There are 2 query languages which are quite similar: Lucene or KQL. Whatever one you choose, you will have the same querying capabilities. A query tries to match values for specific keys, and support many predicates and combination of them. See the documentation for KQL: https://www.elastic.co/guide/en/kibana/current/kuery-query.html
To get logs for a particular service, you have to know the name of its systemd unit and the hostname of the production server providing this service. For a worker, switch the index pattern to “swh_workers-”, for another SWH service switch it to “systemlogs-“.
Example for getting swh-vault production logs:
With the index pattern set to “systemlogs-*”, enter the KQL query:
`systemd_unit:"gunicorn-swh-vault.service" AND hostname:"vangogh"`
Upon expanding a log entry with the leading arrow icon, you can inspect the entry in a structured way. You can filter on particular values or fields, using the icons that are left to the desired field. Fields including “message”, “hostname” or “systemd_unit” are often the most informational. You can also view the entry in context, several entries before and after chronologically.
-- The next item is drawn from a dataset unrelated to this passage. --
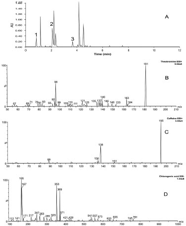 After the optimized chromatographic condition was achieved, these parameters were applied in the UHPLC-MS analyses to search in the samples of the three selected markers: theobromine, chlorogenic acid and caffeine. These metabolites are generally related to I. paraguariensis and are found in high concentrations. Furthermore, theobromine and caffeine are responsible for the stimulating effect of the plant and chlorogenic acid is an important antioxidizing agent.30,31 The UHPLC-MS analyses for theobromine and caffeine were carried out in the positive ion mode because these compounds have basic groups and it is relatively easy for these compounds to be protonated. The analyses in the positive mode showed peaks at m/z 181.1 [M+H]+ for theobromine and m/z 195.0 [M+H]+ for caffeine. On the other hand, for the chlorogenic acid (which is easier to deprotonate and analyze using the negative ion mode) a peak at m/z 353.0 [M-H]- was verified (Figure 2) The results that were obtained were attributed to the ions of the three markers, which are normally found in I. paraguariensis extracts.12 The main fragments (daughter ions) observed in the positive mode were m/z 96 [M+H]+ and m/z 138 [M+H]+, which were attributed to theobromine and caffeine molecules, respectively. For the chlorogenic acid molecular analysis in the negative mode, the daughter ion fragment was m/z 165 [M-H]-. These experiments confirmed the presence of these three markers and the results described in the literature.12,14

Issue monitoring with Kibana#
You can use Kibana saved searches and dashboards to follow issues based on associated logs. Of course, we need to have logs produced that are related to the issue we want to track.
You can save a search, as opposed to only a query, to easily get back to it or include it in a dashboard. Just click “Save” in the top toolbar above the search bar. It includes the query, filters, selected columns, sorting and index pattern.
Now you may want to have a customizable view of these logs, along with graphical presentations. In the “Dashboard” pane, create a new dashboard. Click “add” in the top toolbar and select your saved search. It will appear in resizable panel. Now doing a search will restrict the search to the dataset configured for the panels.